Now, all this is not accidental. It is a sign of the times. Why should talented writers choose these subjects? Why should they write so well about them? Why should the general public grasp at them so eagerly? It is because they are a manifestation of the social crisis in the United States.
As the contradictions of capitalism in the United States multiply and sharpen they bring to the fore all the sores inherent in a rotting society. The major problem of capitalism in general is unemployment. The books, the solutions, the arguments on it pour down upon us. But in every country capitalism has special problems. In the United States such a special problem is the Negro question. Hence the presentation of it from so many different points of view, and the enthusiastic response of the public.
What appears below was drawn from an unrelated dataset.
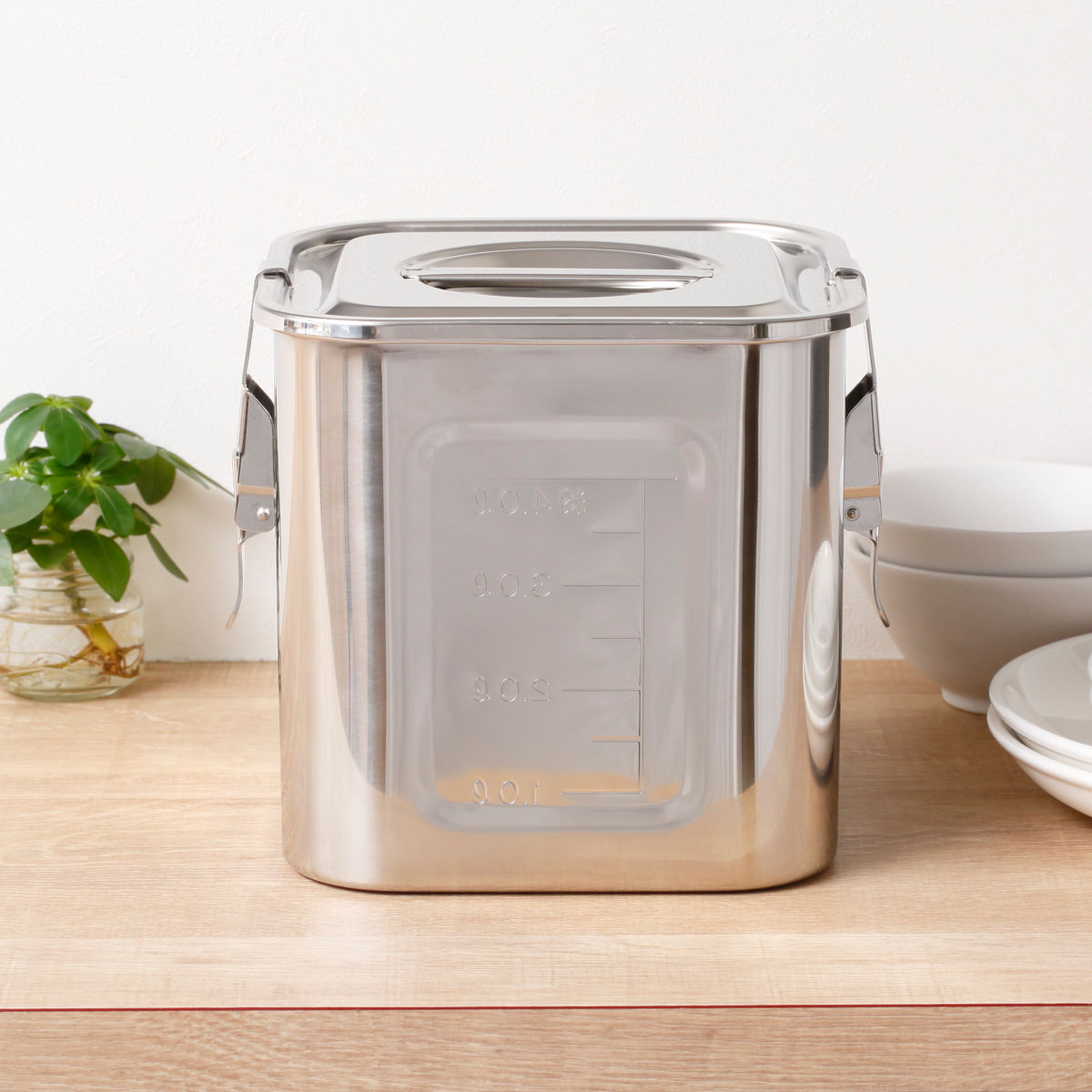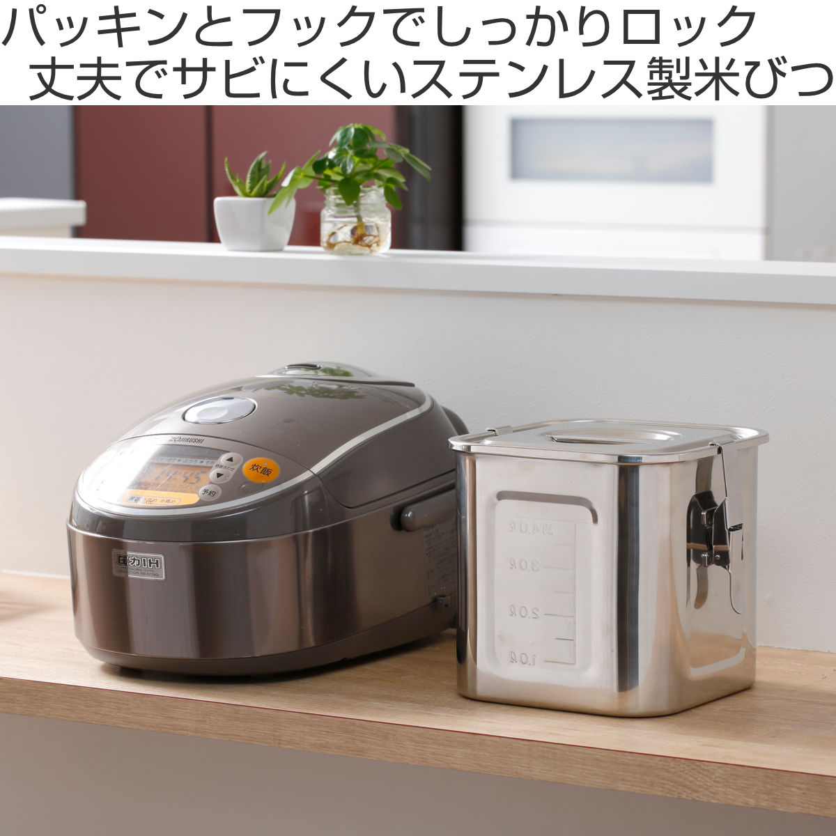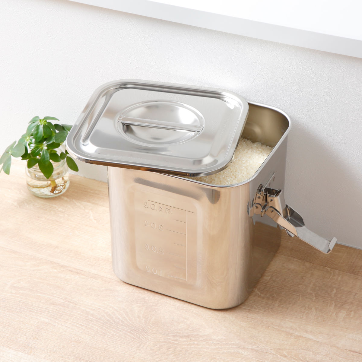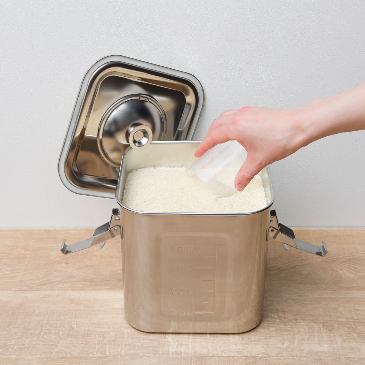 丈夫でサビにくいステンレス製の米びつです。直射日光を防ぎ、約4kgのお米を保存することができます。ステンレス製なので、静電気の影響が少なく、お米が容器にくっつきにくく、最後まで無駄なく使えます。

But literature is only one phase of this crisis. The other is more important. The public has not been stimulated only by ideas and by an intellectual interest in the problems of the day. The Negroes themselves in the March on Washington agitation, and in their violent protests in Detroit and Harlem, have made the American people aware of them and their resentment. In its struggles with rival imperialisms, American imperialism itself has been compelled to drag hundreds of Negroes into the production process. Thereby organized labor has been brought sharply up against the Negro question, and the CIO has taken vigorous action to incorporate Negroes into its own ranks on terms of equality.
The books and their millions of readers, the actions of the Negroes, the organizational response of labor, can be termed as, on the whole, overwhelmingly progressive. The general tendency of ideas and actions is toward abolition of the oppression and humiliation of Negroes. Even the book the capitalists financed expressed itself (in wishy-washy terms) as aiming at some solution of the dilemma in terms of the Negro’s incorporation into American society on equal terms. The others make no bones about the necessity of this. And the public that reads them so eagerly is obviously in sympathy. That is splendid.
To state a problem in harshly truthful and moving terms is fine; for millions to read eagerly about it and be sympathetic about its solution is also fine. Also wherever there is such strong public feeling there is always a will to action. For the will to action, like the books and the readers, is also a manifestation of the social crisis. The question is what to do. And here the trouble begins.
If the facts we have observed are the expression of the social crisis, then the solution, the ideas of solution, must penetrate to the very essence of the social problem – that is to say, to the nature of capitalist society itself. For if not, there is nothing in store but disappointment, disillusionment, and despair.
An old proverb says that desperate diseases demand desperate remedies. The readers of books, the protesting Negro masses, the labor unions striving for social solidarity, the collective will to action which is maturing and achieving results in the labor movement – these varying forces will not be able to avoid the ultimate answer: capitalism or socialism.